Full project, start to finish

Everything above, working together on a real dataset. Read it line by line.

# 1) imports
from sklearn.datasets import load_breast_cancer
from sklearn.model_selection import train_test_split, cross_val_score
from sklearn.preprocessing import StandardScaler
from sklearn.pipeline import Pipeline
from sklearn.ensemble import RandomForestClassifier
from sklearn.metrics import classification_report

# 2) data (tumor diagnosis: benign vs malignant)
data = load_breast_cancer()
X, y = data.data, data.target

# 3) split
X_tr, X_te, y_tr, y_te = train_test_split(
    X, y, test_size=0.2, random_state=42, stratify=y)
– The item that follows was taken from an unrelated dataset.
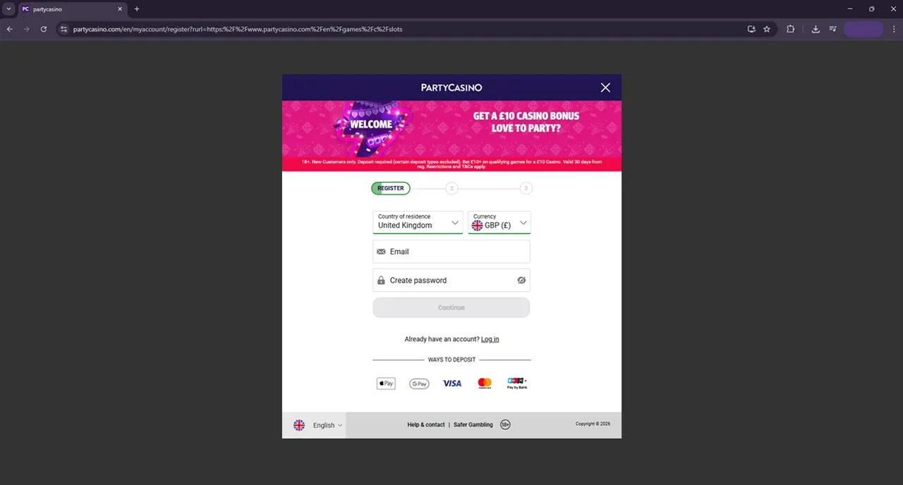 Claiming your PartyCasino bonus is a straightforward process. Follow these steps to get started and enjoy the casino offers:

# 4) pipeline: scaling + model
pipe = Pipeline([
    ("scaler", StandardScaler()),
    ("model", RandomForestClassifier(n_estimators=100, random_state=42)),
])

# 5) train
pipe.fit(X_tr, y_tr)

# 6) evaluate
print("test accuracy:", pipe.score(X_te, y_te))
cv = cross_val_score(pipe, X, y, cv=5)
print("cross-val:", cv.mean().round(3), "±", cv.std().round(3))
print(classification_report(y_te, pipe.predict(X_te), target_names=data.target_names))

# 7) use it on a new case
print("prediction:", data.target_names[pipe.predict(X_te[0].reshape(1, -1))[0]])
Safety The tumor example is for learning only — real medical decisions are made by doctors, not models.
14

Cheat sheet & next steps

Which model should I start with?

Your taskGood first move
Predict a numberLinearRegression → then HistGradientBoostingRegressor
Predict a categoryLogisticRegression → then RandomForestClassifier
Best score on a tableHistGradientBoostingClassifier
Group data (no labels)KMeans
Too many columnsPCA

The one mental model to keep

# Master this and every estimator clicks into place
1. Prepare data  → split, scale, encode (inside a Pipeline)
2. model.fit(X_train, y_train)  → learn
3. model.predict(X_test)  → guess
4. Evaluate honestly  → cross-validation, the right metric
5. Tune & repeat  → GridSearchCV, watch for overfitting

Habits that matter

DoWhy
Run the code & change the numbersYou learn by seeing what breaks
Start simple, then go complexA simple baseline tells you if complexity helps
Spend time on the data~80% of real ML is cleaning & preparing data
Always keep a held-out test setIt's your only honest measure of generalization

After this guide

1 · Build a project on real data from Kaggle.   2 · Learn pandas for data cleaning.   3 · Then move to deep learning (TensorFlow / PyTorch).